===== Recorded data
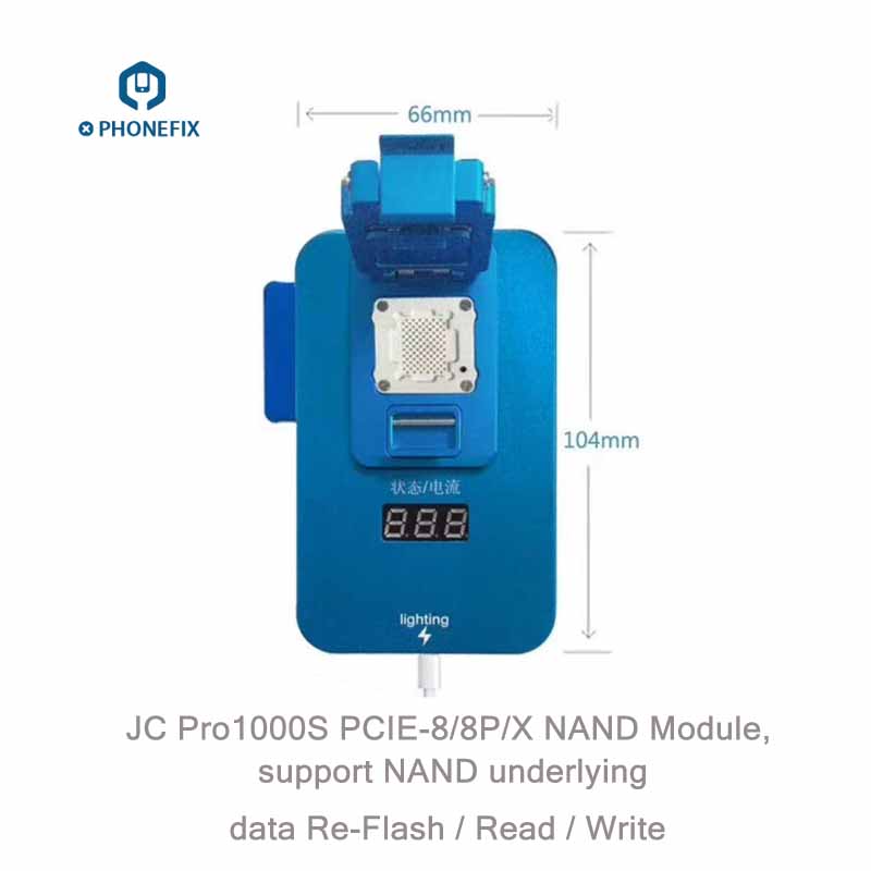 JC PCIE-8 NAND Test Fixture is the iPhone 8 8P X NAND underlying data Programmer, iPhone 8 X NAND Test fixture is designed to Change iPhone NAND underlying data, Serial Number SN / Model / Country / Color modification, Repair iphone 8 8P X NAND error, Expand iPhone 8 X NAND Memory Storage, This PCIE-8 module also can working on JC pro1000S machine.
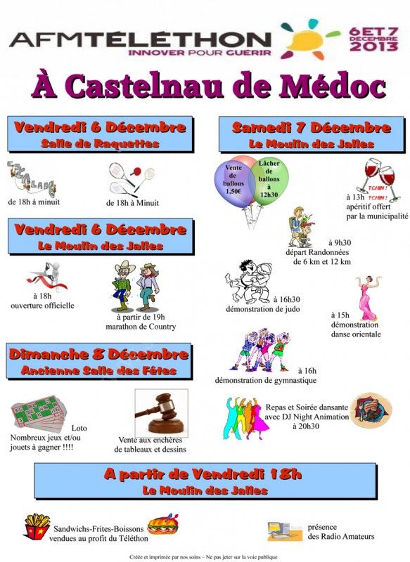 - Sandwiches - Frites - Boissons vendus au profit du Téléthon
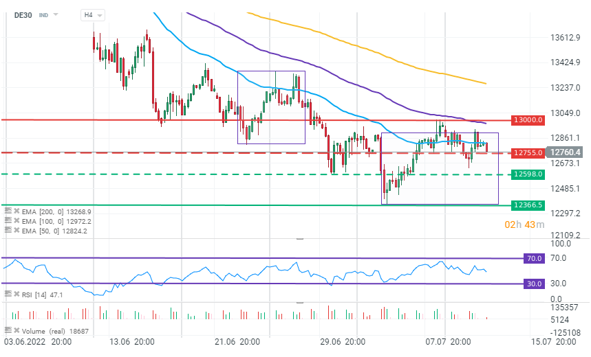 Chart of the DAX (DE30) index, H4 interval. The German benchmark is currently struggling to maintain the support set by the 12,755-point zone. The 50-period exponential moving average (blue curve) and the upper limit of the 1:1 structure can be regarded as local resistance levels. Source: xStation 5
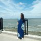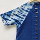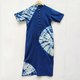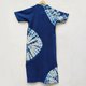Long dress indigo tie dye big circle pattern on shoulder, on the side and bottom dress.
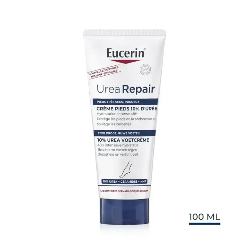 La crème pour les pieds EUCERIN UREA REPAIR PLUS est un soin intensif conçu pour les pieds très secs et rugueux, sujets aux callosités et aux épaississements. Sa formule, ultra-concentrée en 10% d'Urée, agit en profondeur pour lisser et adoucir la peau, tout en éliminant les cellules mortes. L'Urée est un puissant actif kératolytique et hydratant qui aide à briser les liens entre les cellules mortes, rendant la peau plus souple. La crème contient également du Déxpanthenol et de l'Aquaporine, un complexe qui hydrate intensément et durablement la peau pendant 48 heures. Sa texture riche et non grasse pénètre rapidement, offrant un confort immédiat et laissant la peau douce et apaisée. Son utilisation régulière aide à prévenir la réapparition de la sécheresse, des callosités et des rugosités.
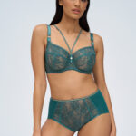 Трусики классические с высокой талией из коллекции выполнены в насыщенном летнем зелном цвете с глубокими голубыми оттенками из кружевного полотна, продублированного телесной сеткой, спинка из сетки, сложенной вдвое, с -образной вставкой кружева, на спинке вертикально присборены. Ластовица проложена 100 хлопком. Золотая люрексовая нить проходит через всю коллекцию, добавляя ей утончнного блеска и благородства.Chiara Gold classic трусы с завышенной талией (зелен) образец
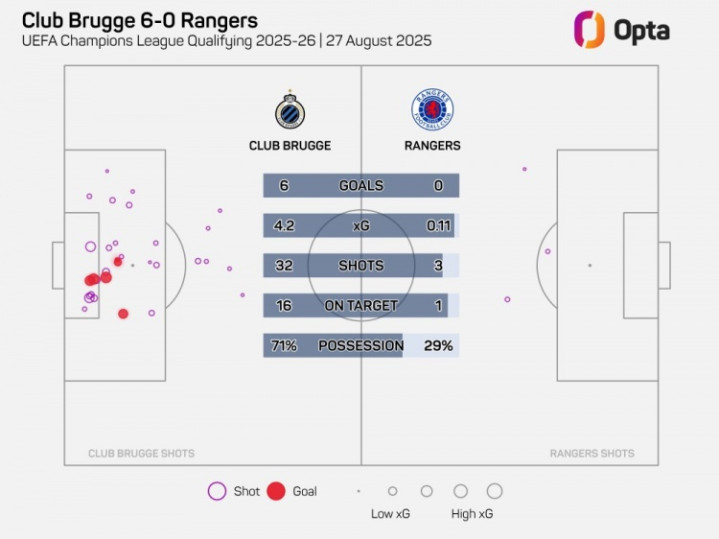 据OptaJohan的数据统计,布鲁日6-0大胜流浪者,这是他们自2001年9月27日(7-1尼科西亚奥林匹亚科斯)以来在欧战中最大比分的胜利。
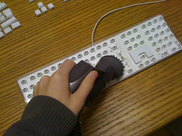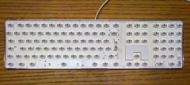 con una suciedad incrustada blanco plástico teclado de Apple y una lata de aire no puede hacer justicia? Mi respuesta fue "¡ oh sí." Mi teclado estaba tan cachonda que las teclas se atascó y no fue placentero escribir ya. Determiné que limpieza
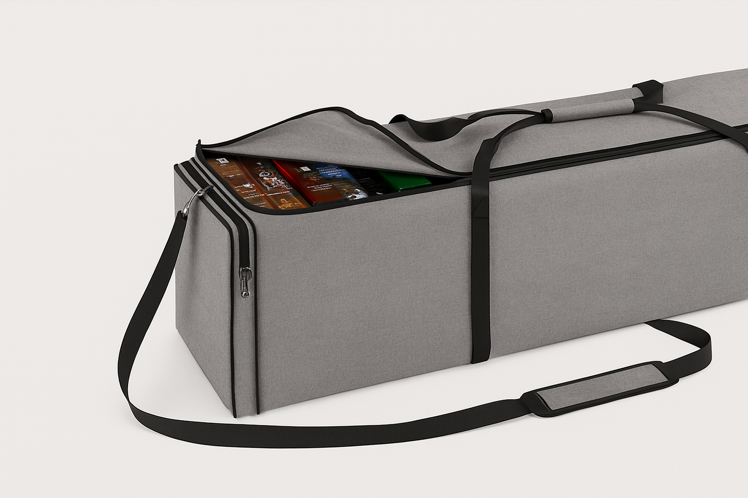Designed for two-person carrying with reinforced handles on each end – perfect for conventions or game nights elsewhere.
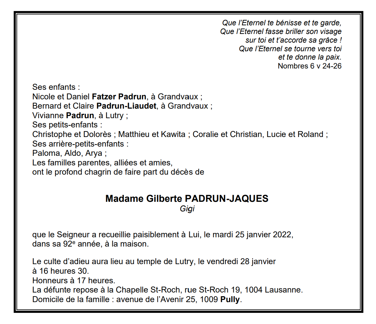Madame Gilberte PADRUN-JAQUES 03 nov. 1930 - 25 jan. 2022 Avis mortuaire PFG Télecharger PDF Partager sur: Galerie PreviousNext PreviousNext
==========
===== Recorded data
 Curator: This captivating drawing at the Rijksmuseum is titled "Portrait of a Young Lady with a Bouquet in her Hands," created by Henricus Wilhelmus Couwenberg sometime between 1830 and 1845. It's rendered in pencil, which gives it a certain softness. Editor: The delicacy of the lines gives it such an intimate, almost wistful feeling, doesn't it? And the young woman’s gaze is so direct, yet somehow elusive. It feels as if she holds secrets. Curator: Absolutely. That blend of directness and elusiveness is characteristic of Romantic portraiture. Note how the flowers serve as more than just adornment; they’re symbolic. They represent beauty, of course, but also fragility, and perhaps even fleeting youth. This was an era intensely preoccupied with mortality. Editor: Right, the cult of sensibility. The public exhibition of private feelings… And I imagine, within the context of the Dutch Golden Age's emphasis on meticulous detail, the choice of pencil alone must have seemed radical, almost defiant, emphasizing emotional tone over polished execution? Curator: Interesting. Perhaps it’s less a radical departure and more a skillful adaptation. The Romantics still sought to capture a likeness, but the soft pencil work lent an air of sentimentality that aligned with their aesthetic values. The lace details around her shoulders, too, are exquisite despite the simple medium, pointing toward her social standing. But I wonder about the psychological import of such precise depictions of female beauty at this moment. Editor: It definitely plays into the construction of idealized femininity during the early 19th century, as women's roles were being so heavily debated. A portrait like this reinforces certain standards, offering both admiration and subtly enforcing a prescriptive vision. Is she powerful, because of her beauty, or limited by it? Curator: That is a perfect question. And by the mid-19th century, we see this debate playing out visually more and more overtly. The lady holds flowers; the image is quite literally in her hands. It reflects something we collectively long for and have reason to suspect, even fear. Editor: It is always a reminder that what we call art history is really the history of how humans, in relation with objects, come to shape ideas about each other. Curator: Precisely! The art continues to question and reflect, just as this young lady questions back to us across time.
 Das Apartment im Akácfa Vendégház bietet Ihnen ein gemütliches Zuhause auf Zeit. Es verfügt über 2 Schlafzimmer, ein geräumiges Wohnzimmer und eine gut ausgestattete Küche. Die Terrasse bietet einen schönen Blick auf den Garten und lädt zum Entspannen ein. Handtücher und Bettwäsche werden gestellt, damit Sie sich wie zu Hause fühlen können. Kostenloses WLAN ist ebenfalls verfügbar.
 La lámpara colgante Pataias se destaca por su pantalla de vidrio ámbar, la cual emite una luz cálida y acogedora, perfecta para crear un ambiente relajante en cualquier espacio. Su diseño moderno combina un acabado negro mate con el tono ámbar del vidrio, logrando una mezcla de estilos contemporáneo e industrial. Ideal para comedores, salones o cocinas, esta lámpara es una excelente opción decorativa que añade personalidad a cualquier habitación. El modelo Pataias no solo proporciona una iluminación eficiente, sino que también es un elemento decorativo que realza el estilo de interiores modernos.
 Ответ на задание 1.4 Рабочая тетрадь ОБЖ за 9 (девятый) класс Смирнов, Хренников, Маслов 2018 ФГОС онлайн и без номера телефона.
==========
===== Recorded data
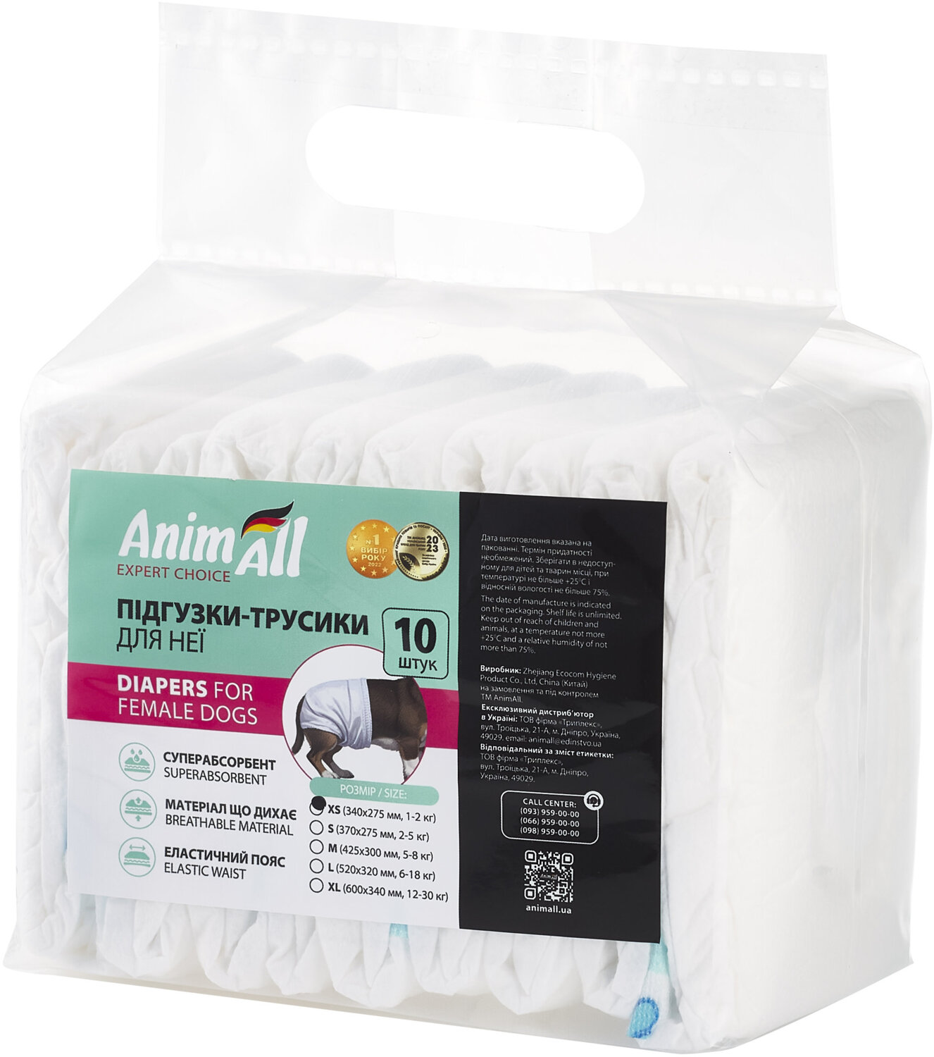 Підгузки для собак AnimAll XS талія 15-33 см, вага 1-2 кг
==========
» What you are asked to do
Output only the stretch above from the line with "Long dress indigo" through the line with "Designed for two-person", reproduced exactly. Exclude pictures.

» Answer to this task
Long dress indigo tie dye big circle pattern on shoulder, on the side and bottom dress.
 La crème pour les pieds EUCERIN UREA REPAIR PLUS est un soin intensif conçu pour les pieds très secs et rugueux, sujets aux callosités et aux épaississements. Sa formule, ultra-concentrée en 10% d'Urée, agit en profondeur pour lisser et adoucir la peau, tout en éliminant les cellules mortes. L'Urée est un puissant actif kératolytique et hydratant qui aide à briser les liens entre les cellules mortes, rendant la peau plus souple. La crème contient également du Déxpanthenol et de l'Aquaporine, un complexe qui hydrate intensément et durablement la peau pendant 48 heures. Sa texture riche et non grasse pénètre rapidement, offrant un confort immédiat et laissant la peau douce et apaisée. Son utilisation régulière aide à prévenir la réapparition de la sécheresse, des callosités et des rugosités.
 Трусики классические с высокой талией из коллекции выполнены в насыщенном летнем зелном цвете с глубокими голубыми оттенками из кружевного полотна, продублированного телесной сеткой, спинка из сетки, сложенной вдвое, с -образной вставкой кружева, на спинке вертикально присборены. Ластовица проложена 100 хлопком. Золотая люрексовая нить проходит через всю коллекцию, добавляя ей утончнного блеска и благородства.Chiara Gold classic трусы с завышенной талией (зелен) образец
 据OptaJohan的数据统计,布鲁日6-0大胜流浪者,这是他们自2001年9月27日(7-1尼科西亚奥林匹亚科斯)以来在欧战中最大比分的胜利。
 con una suciedad incrustada blanco plástico teclado de Apple y una lata de aire no puede hacer justicia? Mi respuesta fue "¡ oh sí." Mi teclado estaba tan cachonda que las teclas se atascó y no fue placentero escribir ya. Determiné que limpieza
Designed for two-person carrying with reinforced handles on each end – perfect for conventions or game nights elsewhere.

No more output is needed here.